**Assignment**
The entire listing below is to be written out exactly, minus the pictures.
-- Given entries follows --
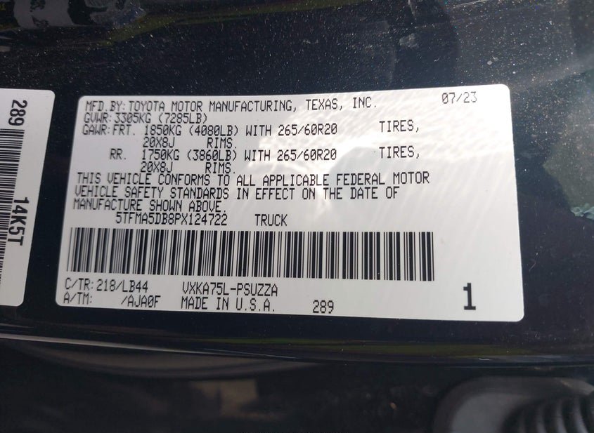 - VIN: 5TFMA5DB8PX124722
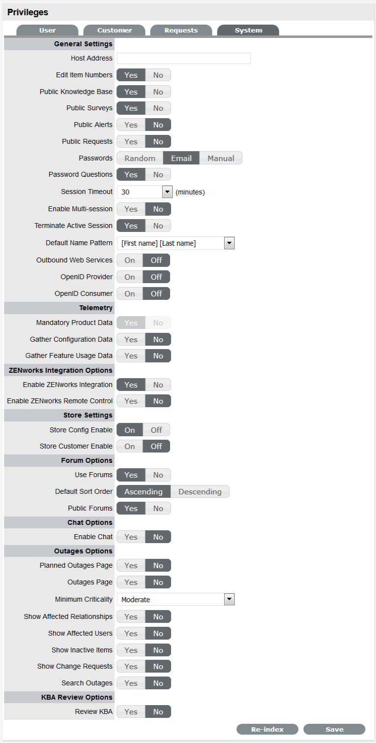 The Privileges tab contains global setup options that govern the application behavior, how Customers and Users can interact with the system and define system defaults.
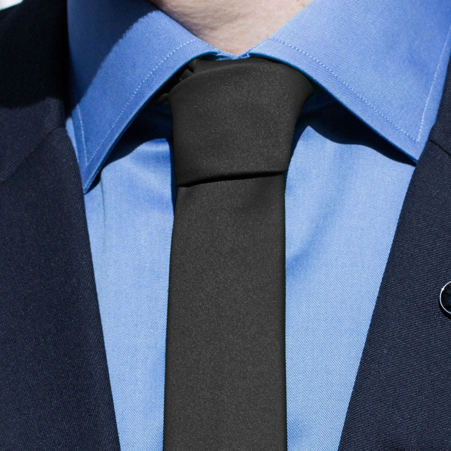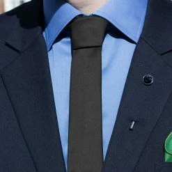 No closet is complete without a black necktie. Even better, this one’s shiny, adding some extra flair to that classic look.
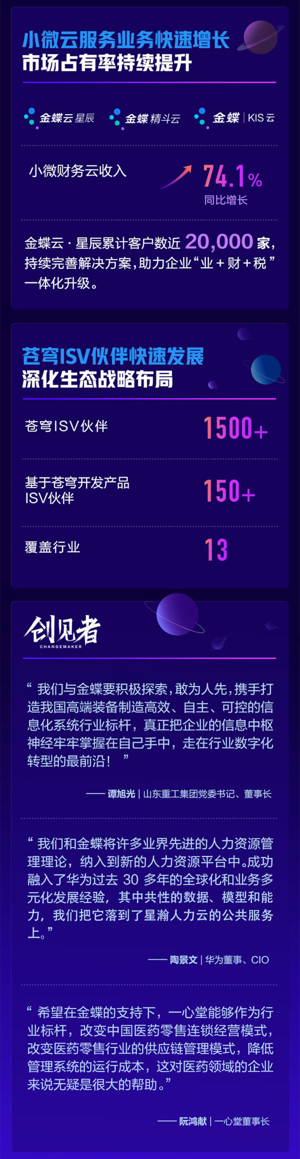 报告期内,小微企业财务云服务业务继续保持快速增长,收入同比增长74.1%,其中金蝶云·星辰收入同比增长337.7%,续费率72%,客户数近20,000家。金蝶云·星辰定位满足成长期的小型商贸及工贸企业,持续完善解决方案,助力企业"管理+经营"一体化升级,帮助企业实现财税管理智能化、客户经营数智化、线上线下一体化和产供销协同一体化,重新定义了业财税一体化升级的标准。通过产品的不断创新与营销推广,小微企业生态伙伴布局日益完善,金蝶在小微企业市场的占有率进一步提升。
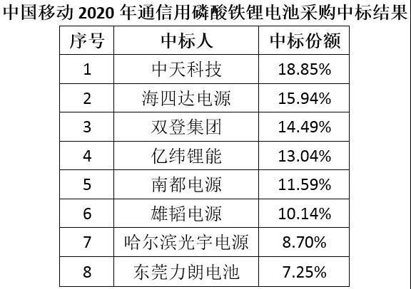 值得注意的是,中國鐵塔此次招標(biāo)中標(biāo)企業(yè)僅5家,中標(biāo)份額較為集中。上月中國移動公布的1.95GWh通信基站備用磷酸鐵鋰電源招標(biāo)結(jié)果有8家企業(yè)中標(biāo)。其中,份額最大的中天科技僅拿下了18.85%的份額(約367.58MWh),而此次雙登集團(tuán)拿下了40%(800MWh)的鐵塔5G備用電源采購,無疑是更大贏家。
-- Given entries concluded --
**Answer below**
 - VIN: 5TFMA5DB8PX124722
 The Privileges tab contains global setup options that govern the application behavior, how Customers and Users can interact with the system and define system defaults.
 No closet is complete without a black necktie. Even better, this one’s shiny, adding some extra flair to that classic look.
 报告期内,小微企业财务云服务业务继续保持快速增长,收入同比增长74.1%,其中金蝶云·星辰收入同比增长337.7%,续费率72%,客户数近20,000家。金蝶云·星辰定位满足成长期的小型商贸及工贸企业,持续完善解决方案,助力企业"管理+经营"一体化升级,帮助企业实现财税管理智能化、客户经营数智化、线上线下一体化和产供销协同一体化,重新定义了业财税一体化升级的标准。通过产品的不断创新与营销推广,小微企业生态伙伴布局日益完善,金蝶在小微企业市场的占有率进一步提升。
 值得注意的是,中國鐵塔此次招標(biāo)中標(biāo)企業(yè)僅5家,中標(biāo)份額較為集中。上月中國移動公布的1.95GWh通信基站備用磷酸鐵鋰電源招標(biāo)結(jié)果有8家企業(yè)中標(biāo)。其中,份額最大的中天科技僅拿下了18.85%的份額(約367.58MWh),而此次雙登集團(tuán)拿下了40%(800MWh)的鐵塔5G備用電源采購,無疑是更大贏家。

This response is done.